金曜の夕方から土曜の夜までの弾丸だったけど、いろいろと濃い帰省となったので、簡単に記録。
 
 
>家系図
なぜか、母が「岡本家」の家系図を徹底的にしらべあげてくれていて、父方、母方のルーツを明らかにしてくれていた。母らしい丁寧な字で清書された、見事な家系図で、父方・母方双方に、7世代ほど遡っていた。スゲー!!!
 
その裏には大変な労力が費やされていることは一目瞭然だったので、動機やらプロセスやらを聞いてみると、「ご先祖さまの存在について、ちゃんとしておきたい」と思ったらしく、おともだちのご紹介で、家系図づくりについて教えてくれたり、一部代行してくれたりする“お教室”に通ったらしい。
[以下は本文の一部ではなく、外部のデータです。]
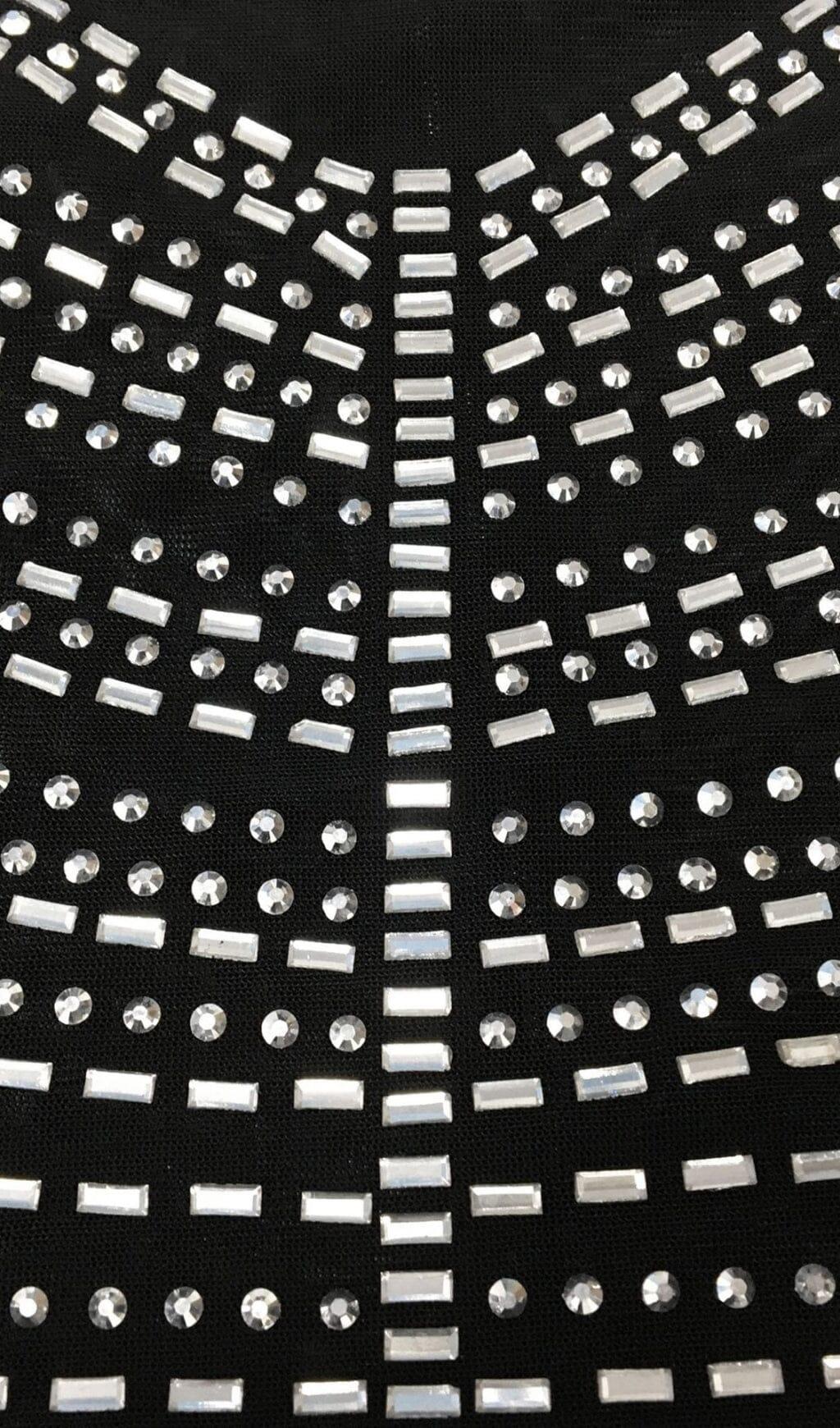 LACE SEE-THROUGH DIAMONDS MAXI DRESS IN BLACK
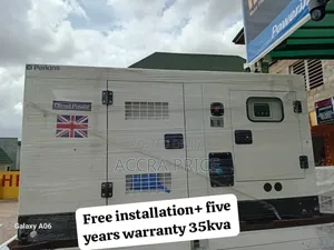 The Perkins 35KVA Diesel Generator is a heavy-duty Diesel Generator engineered to deliver consistent, uninterrupted power for homes, offices, shops, and light industrial facilities. With a rated capacity of 35 KVA (28.0 KW standby power), it provides ample electricity to run multiple heavy-duty appliances and equipment simultaneously. Built around a robust, fuel-efficient diesel engine, this generator is designed for long operational hours with minimal maintenance. The 100% copper winding engine ensures superior heat dissipation, extended motor lifespan, and improved electrical efficiency even during extended operation. Backed by a 5-year manufacturer warranty, you can purchase with complete confidence in its build quality and longevity. The Perkins brand is renowned for engineering excellence, fuel efficiency, and reliable after-sales support across Ghana and West Africa. Ideal for businesses and households that require dependable backup power or off-grid electricity, it handles multiple loads simultaneously — from air conditioners and refrigerators to power tools and industrial equipment. Order today and experience the reliability of a generator built to last.
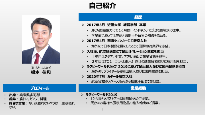 初めまして! 2017年に近畿大学を卒業し、これまでの業務について簡潔にまとめております。
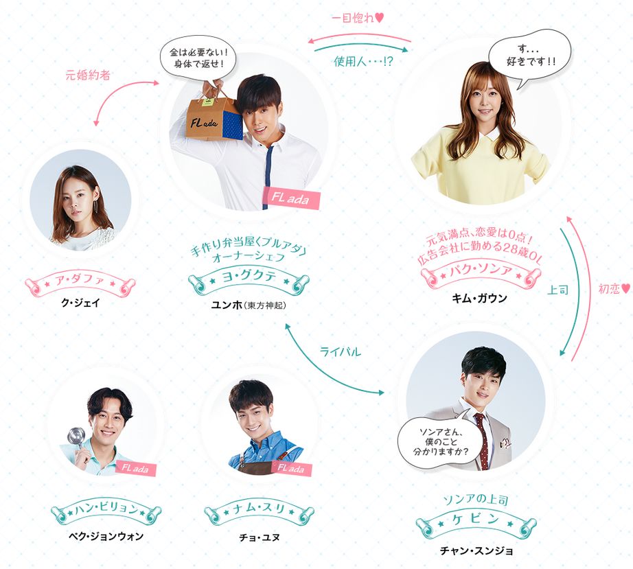 ある日、弟に頼まれて、ヨ・グクテ(ユンホ(東方神起))がオーナーシェフを務める手作り弁当屋「プルアダ」に弁当を取りに行き、グクテに一目惚れする。
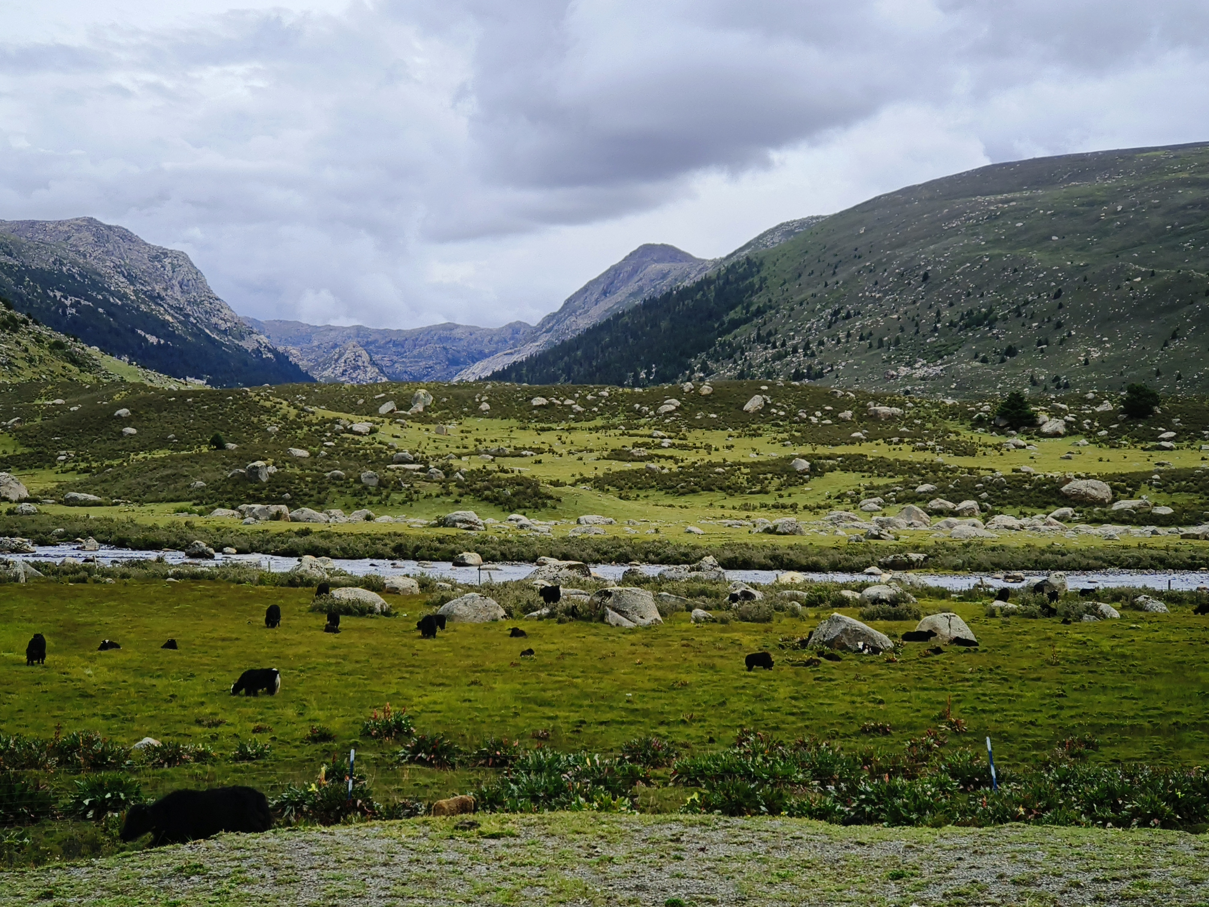 公路旁的峡谷间,两侧高峰坡地的草原上铺满了碎石。原本该是柔缓的草原透着蓬勃生气,碎石又添了几分粗粝的苍凉,两种气质揉在一起,反倒成就了一番格外壮阔的景致,目光扫过处,尽是藏地特有的苍茫与鲜活。
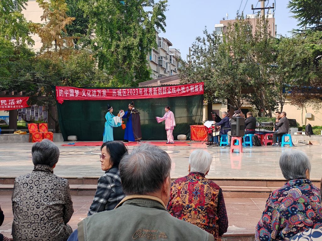 社工提前来到活动场地,协助演出人员准备演出道具,随着紧锣密鼓的锣鼓声,戏曲演出拉开了序幕,在利农花园小广场上,聚满了来自四面八方的居民群众,演出团送来了戏曲《鞭打芦花》,讲述了老百姓家喻户晓的,耳熟能详的节目。舞台上,激昂动人的鼓板、演员们清脆悦耳的唱腔和惟妙惟肖的表演,以及扣人心弦的剧情,让人群中不时爆发出热烈的掌声。大家三五成群,或站或坐,看着表演,听着戏曲,赞不绝口,时不时拿出手机记录下精彩瞬间,场上场下气氛热烈,让群众近距离地感受到了戏剧的魅力。
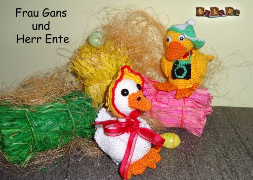ohne Flügel, Füße und Mütze sind die Ente, sowie die Gans schnell gehäkelt.

実は私も、三年前に父が亡くなり、昨年祖母が亡くなったことで、自分のルーツについて何かしらの情報収集をしておかないと分からなくなっちゃうな、、、と“ほんの少しだけ”思っていたので、母による大作にとても興味を持った。 
 
母は「仏さんのこと」をだいじにする人なので、先祖の供養とか、命日とかをとても大事にするし、お仏壇への水や食事、お花の上げ下げ、お線香をたいてのご挨拶など、文字通り一日も欠かさずに、必ずやる人。その流れで、ごくごく自然の興味というか、自分がなし遂げるべきこととしての義務感のようなものがあったらしい。
 
私的には、まず“教室”があることに驚いたので、そこで何を学んだのか聞いてみると、キリスト教の原罪の話になった。母はミッション系の女子校だったので、一定のキリスト教教育は受けている。神、天使、人間、禁断の実、原罪、夫婦、家族、兄弟げんか、、、その文脈の系譜として、家系図を教えるらしい。自分を起点にして、キリストまでつながっているのだ、という前提。それもすごい話だな、と素直に思った。そういった価値観が細胞に染み付いている人がいる、ということはアタマではわかっていたけれど、「自分の家系図」というリアルなアイテムを目の前にすると、インパクトが違った。
 
自分が存在するためには、生物学的な父と母が必須。決して、自分一人で存在(誕生)することは出来ないという事実と、先祖の存在。そのつながり。宇宙の果てと同じように、そのつながりは延々と追いかけることができるはずで、その行き着く先はどうなっているのか。原点があってもなくても、あまりそのこと自体には興味がないのだけど、「自分一人では存在できず、延々とつながる関係性がある」という事実について、改めて考えさせられた。解はなし。
 
 
>曽祖父の写真、祖父の写真。
曽祖父が、実業家で成功した人だとは聞いていた。財を成して日本に帰り、地元の神社に大きい鳥居を寄贈したとか、そんな感じの人。母によって、その写真がたくさん焼き増しされていたので、もらってきた。前列中央の白いスーツを着た人が曽祖父。パナマって、どこだ???祖父は、パナマで生まれている。もしそのまま帰国しなかったら、わたしは生まれていない。
 
そして、祖父の写真は、軍服を着ていた。実は、その軍服の一部を、わたしはリアルに見たことがある。それらを小学生だった私に見せてくれたとき、寡黙な祖父は一体なんと言っていたか。。思い出せない。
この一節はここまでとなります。